Dopo la sconcertante sconfitta di Palermo per il Grifone è arrivata l’ora della verità: contro il Torino bisogna conquistare i punti per la salvezza. Sarà una partita da giocare sui nervi, anche con l’orecchio ai risultati che giungeranno da Empoli e soprattutto dallo Stadium per Juventus-Crotone. Una partita delicata e difficile ma il Genoa con l’aiuto del suo popolo potrà portare a casa i punti che servono per la tanto sospirata salvezza. Il Torino scenderà in campo per fare la sua gara, il Genoa dovrà essere bravo ad interpretare il match in tutti i suoi risvolti. Il Toro è squadra tosta come il suo allenatore Mihajlovic e gioca un calcio fisico e scorbutico.

La difesa?

In porta hanno l’inglese Hart, ex portiere della nazionale dei tre leoni, fisicamente prestante, molto bravo tra i pali, ma da brividi veri nelle uscite. La squadra piemontese gioca con i quattro difensori in linea.
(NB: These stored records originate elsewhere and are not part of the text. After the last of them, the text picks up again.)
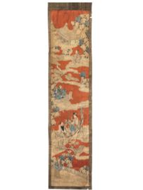 in seta “tesi” con sfondo rosso decorata con figure sin un esterno; cm 190x40,5 (2)
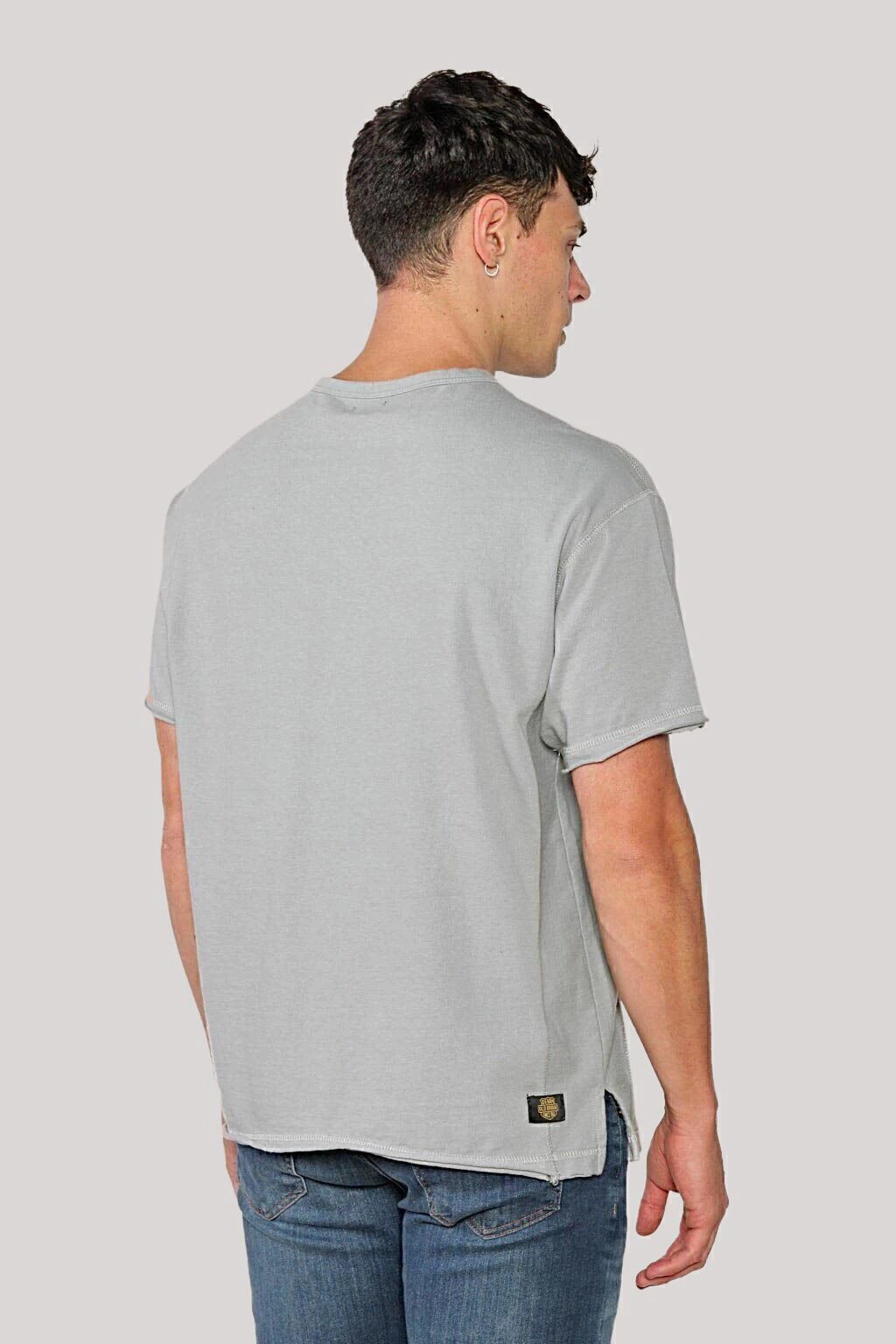 Remera escote redondo, con tajos laterales y detalle de costura bordador en recortes laterales, hombros y sisas. Las terminaciones en puños y ruedos son al corte. Lleva un logo estampado sin tacto en la espalda. Confeccionada con jersey pesado de puro algodón. Calce regular.
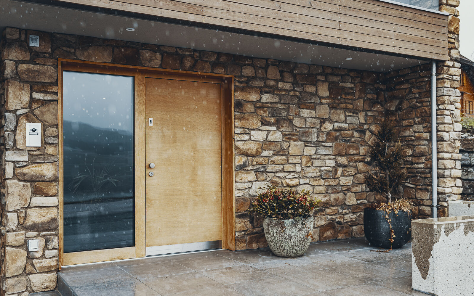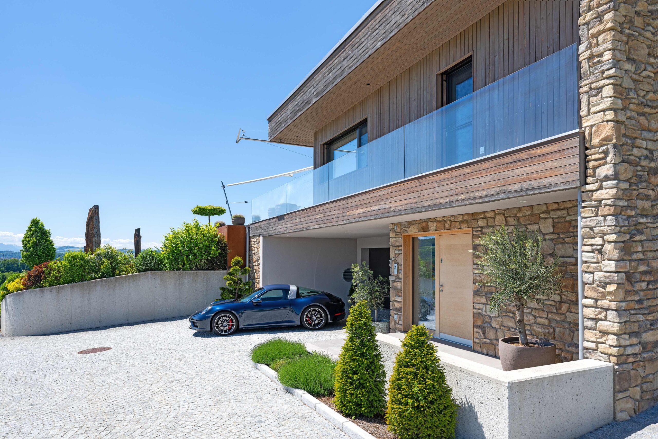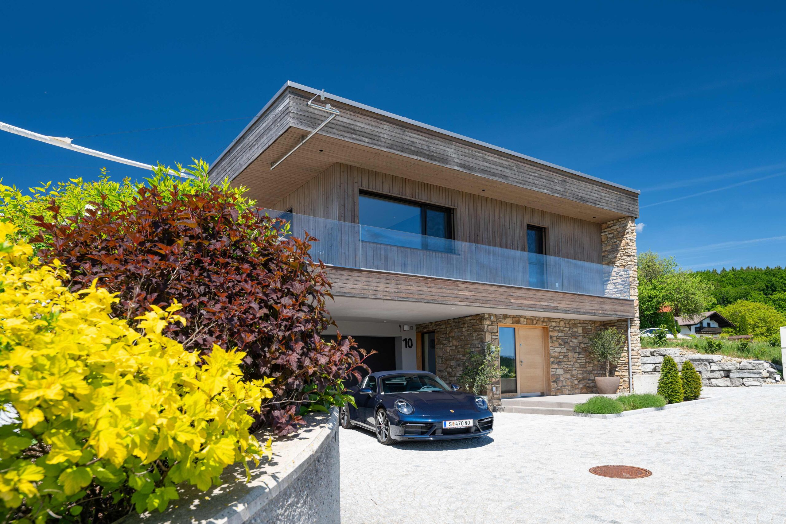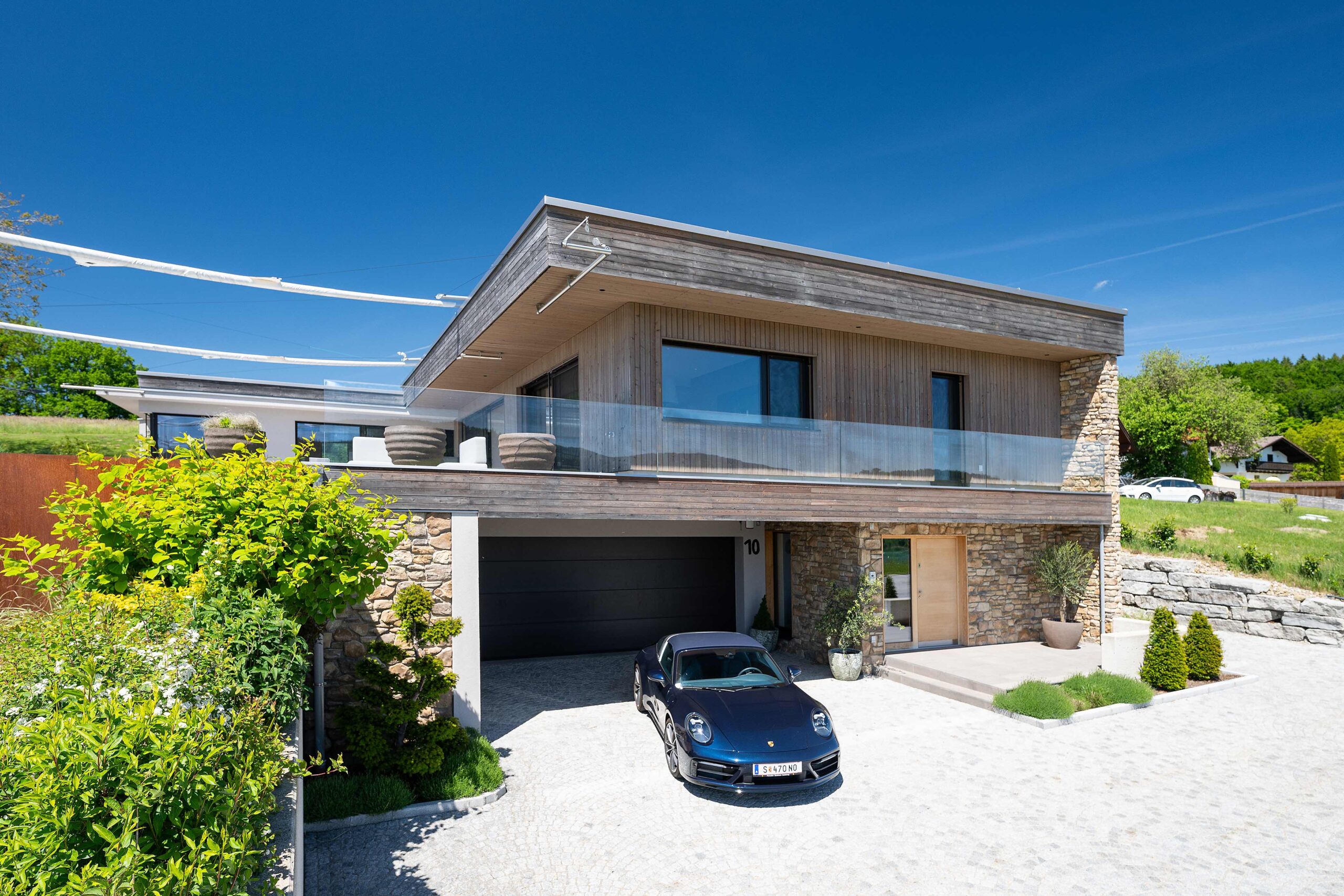 Der Neubau in Lochen am See wurde als moderner Bungalow in Hanglage realisiert. Der Zugang erfolgt über die untere Ebene über eine großzügige Tiefgarage, die Stellplätze für mehrere Fahrzeuge sowie Abstell- und Technikflächen bietet. Von hier gelangt man direkt in die Wohnbereiche, wodurch kurze Wege und ein komfortabler Übergang zwischen Auto und Haus gewährleistet sind.

A destra, al posto di Zappacosta, è atteso De Silvestri, ex sampdoriano, dotato di buona corsa e piedi sufficienti. La coppia centrale Rossettini e Moretti è sicuro affidamento e molto regolare. Barreca è l’esterno basso di sinistra: dopo un ottimo avvio di campionato è andato in calando, ma i suoi cross sono pericolosi. 

Il centrocampo?

La coppia mediana è formata da Baselli e Acquah, più ragionatore e geometrico il primo,  forte fisicamente ed irruento il secondo. Baselli ha un tempo d inserimento in fase offensiva importante, Acquah dispone di un ottimo tiro da fuori area con il sinistro. 

L’attacco?

I quattro giocatori offensivi sono Boyé e l’ex Iago Falque sugli esterni, Belotti punta centrale e Liajic alle sue spalle. Forte sulle gambe e con un buon dribbling, il giovane argentino Boyé difficilmente gioca senza palla, bravo com’è nell’uno contro uno. Falque, tutto mancino, gioca sulla fascia destra per sfruttare il tiro a rientrare e tatticamente è molto diligente. Belotti, il bomber della squadra, gran lottatore, abilissimo nel gioco aereo, ama essere lanciato in profondità. Il trequartista Liajic, croce e delizia della tifoseria granata, abilissimo nei calci piazzati dal limite dell area, alterna momenti di gran calcio a pause mostruose, e si deprime quando non viene chiamato in causa. 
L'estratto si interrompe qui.